Australia defends media reforms amid 'Stalinism' claims

SYDNEY (AFP) - Australia defended proposed media reforms arising from Britain's phone-hacking scandal on Wednesday after a heated backlash from media baron Rupert Murdoch's local operations, which labelled them dictatorial.

Communications Minister Stephen Conroy was condemned after unveiling the changes, which will include a new public interest test for major mergers and stronger self-regulation requirements for the print media.

News Limited, Mr Murdoch's Australian arm, was particularly strident in its commentary, likening Mr Conroy on the front page of its Sydney Daily Telegraph tabloid to leaders including Kim Jong-Un and Robert Mugabe.

The newspaper lampooned Mr Conroy as Stalin in a doctored image imposing his face on the former Soviet dictator's body.

News Limited chief Kim Williams lashed the government in a stinging speech to the Australia-Israel Chamber of Commerce, accusing Conroy of putting "a gun to the head of parliament, our industry and the Australian public".

Mr Conroy has given parliament until the end of next week to pass the reforms without amendment, which Mr Williams slammed as "Soviet style" given the government failed to consult him or any other senior newspaper executive.

"Effectively, a government-appointed advocate will have the power to close down our ability to report on that which is going on in our society," said Mr Williams.

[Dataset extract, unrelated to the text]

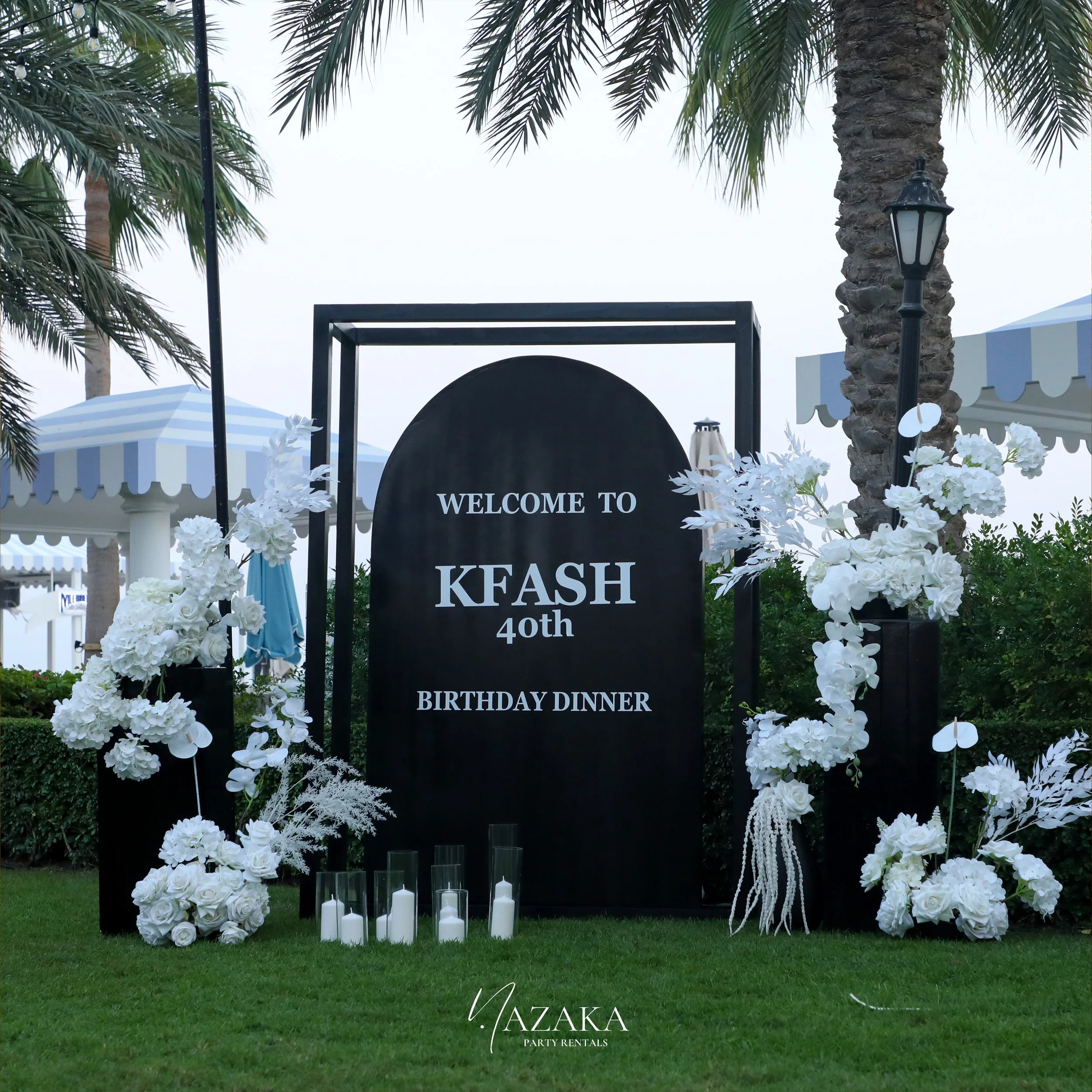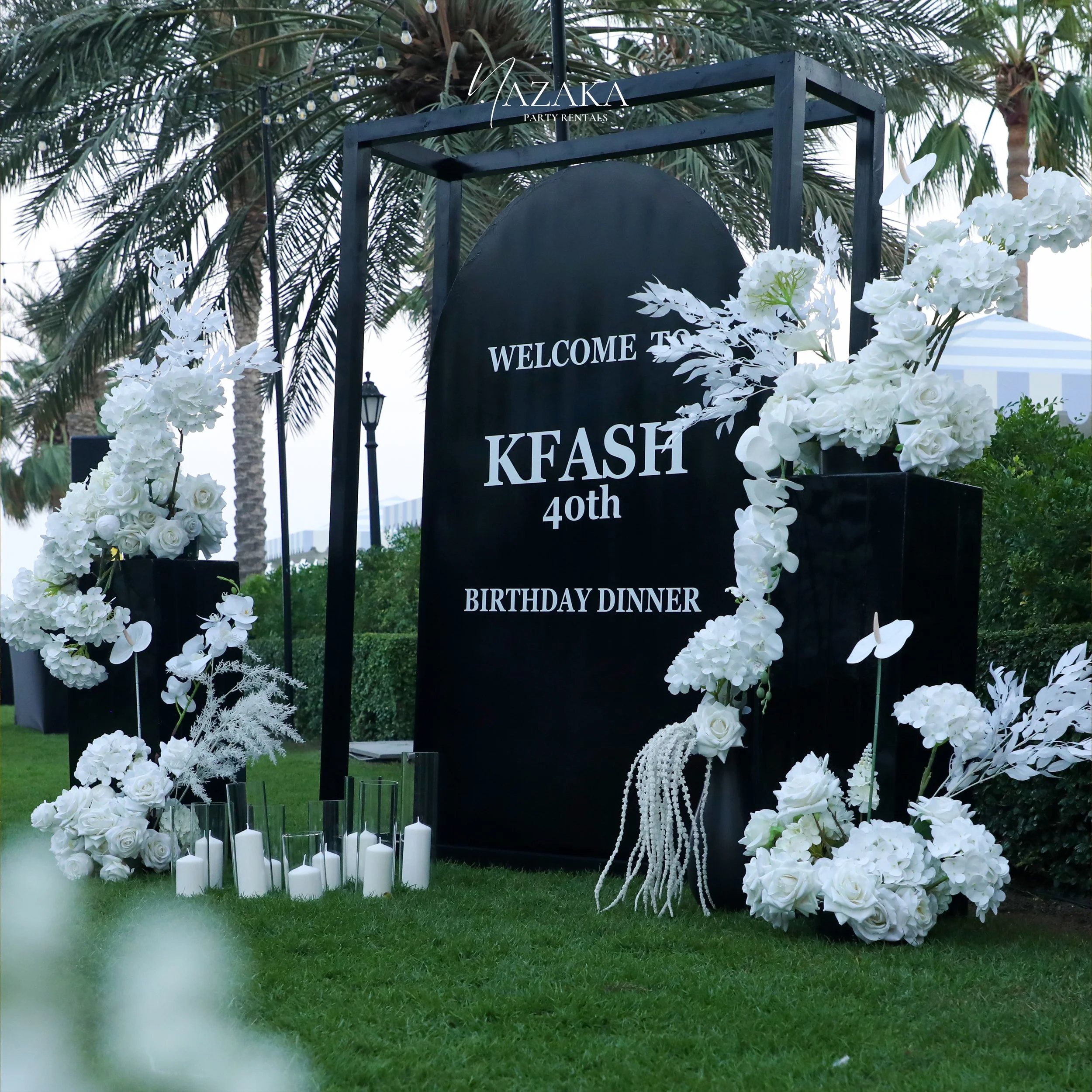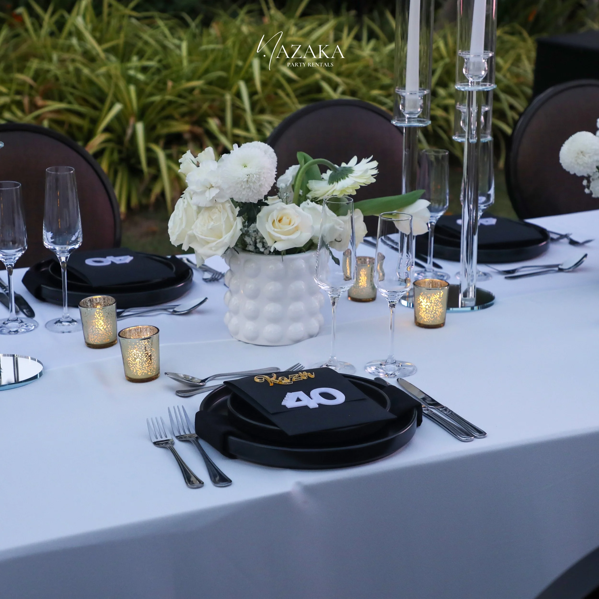 An elegant black-and-white soirée, where modern minimalism met timeless beauty. Crisp white florals, sleek black accents, and candlelight created a chic and intimate setting for an unforgettable 40th birthday celebration.

News Limited owns 70 per cent of Australia's newspapers, as well as extensive online assets.

Prime Minister Julia Gillard called the arguments "absolute nonsense", declaring she was "passionately committed to free speech and also committed to a diversity of voices, I think both are essential underpinnings of our democracy".

"What the government is actually doing is supporting self-regulation of print (media), the government is not directing in any way the activities of journalists," she told reporters.

Mrs Gillard pointed to the dense concentration of Australia's print industry relative to other Western nations, noting that two newspaper companies - News and Fairfax - accounted for 86 per cent of the market.

That compares with 14 per cent market share for the top two US media firms and 54 perc ent for the top two in Canada.

Mrs Gillard said that since the 1950s, the Australian market had shrunk from 15 national or metropolitan newspapers owned by 10 individuals or firms to 11 papers with three distinct owners.

Eight of the top nine news websites are also owned by traditional media firms.

A central feature of the government's proposed reforms is a new statutory authority called the Public Interest Media Advocate which will assess whether mergers of "national significance" are in the public interest.

It will also oversee self-regulatory authorities such as the Press Council to ensure they are transparent and independent of both the government and major proprietors, and apply greater enforcement of existing press standards.

Analysts said the reforms were more modest than had been feared or recommended by two separate media inquiries - one specifically called after the phone-hacking scandal in Britain which closed Mr Murdoch's News of the World.

"Conroy has, for the most part, bowed to early criticism and concern from media owners, CEOs, editors-in-chief and conservative commentators and opted for some tame options which sound purposeful but will deliver little," said Griffith University journalism professor Susan Forde.